**What you should do:** Would you transcribe the listing that follows, character for character, and omit its images?

**Source material:**
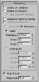 В свитке Rendering (Визуализация) содержатся параметры, отвечающие за видимость сплайна на визуализации (рис. 3.9). Ранее я говорил, что сплайны не являются визуа-лизируемыми объектами и на кадре визуализации не отобра-жаются. В данном свитке вы можете изменить это правило и настроить внешний вид сплайнов при визуализации. Enable In Renderer (Видимый на визуализации) — первая опция данного свитка, которая как раз позволяет сделать сплайн видимым при визуализации. Установите здесь фла-жок и запустите визуализацию сцены (<Shift>+<Q>). В кадре отобразится линия сплайна.
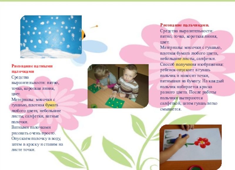 Способ получения изображения: ребенок опускает в гуашь пальчик и наносит точки, пятнышки на бумагу. На каждый пальчик набирается краска разного цвета. После работы пальчики вытираются салфеткой, затем гуашь легко смывается.
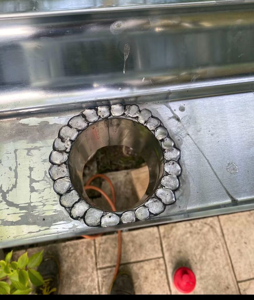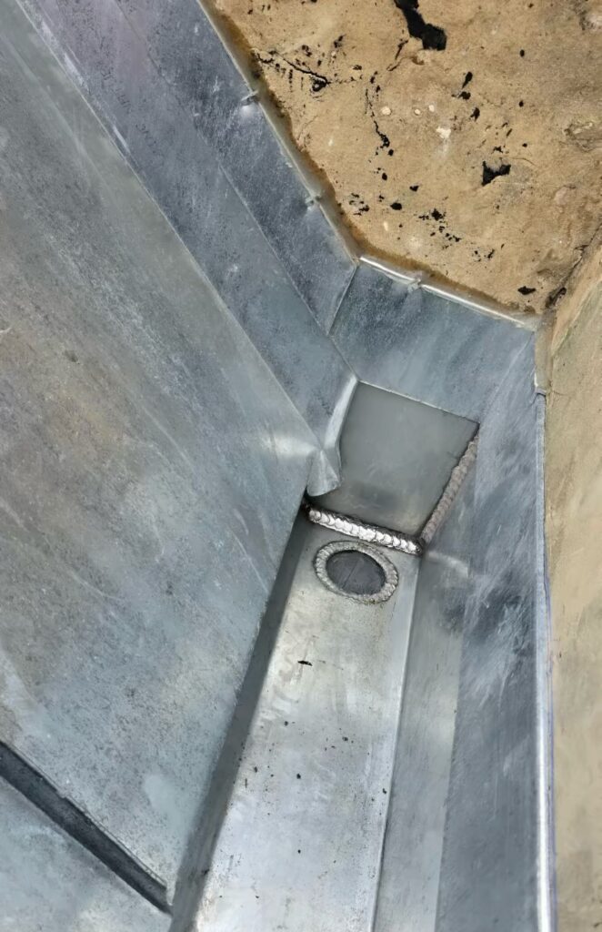 Traitement des points sensibles, réparation des fixations et application de protections anticorrosion pour garantir l’étanchéité et prolonger la durée de vie du bac acier.

**Task response:**
 В свитке Rendering (Визуализация) содержатся параметры, отвечающие за видимость сплайна на визуализации (рис. 3.9). Ранее я говорил, что сплайны не являются визуа-лизируемыми объектами и на кадре визуализации не отобра-жаются. В данном свитке вы можете изменить это правило и настроить внешний вид сплайнов при визуализации. Enable In Renderer (Видимый на визуализации) — первая опция данного свитка, которая как раз позволяет сделать сплайн видимым при визуализации. Установите здесь фла-жок и запустите визуализацию сцены (<Shift>+<Q>). В кадре отобразится линия сплайна.
 Способ получения изображения: ребенок опускает в гуашь пальчик и наносит точки, пятнышки на бумагу. На каждый пальчик набирается краска разного цвета. После работы пальчики вытираются салфеткой, затем гуашь легко смывается.
 Traitement des points sensibles, réparation des fixations et application de protections anticorrosion pour garantir l’étanchéité et prolonger la durée de vie du bac acier.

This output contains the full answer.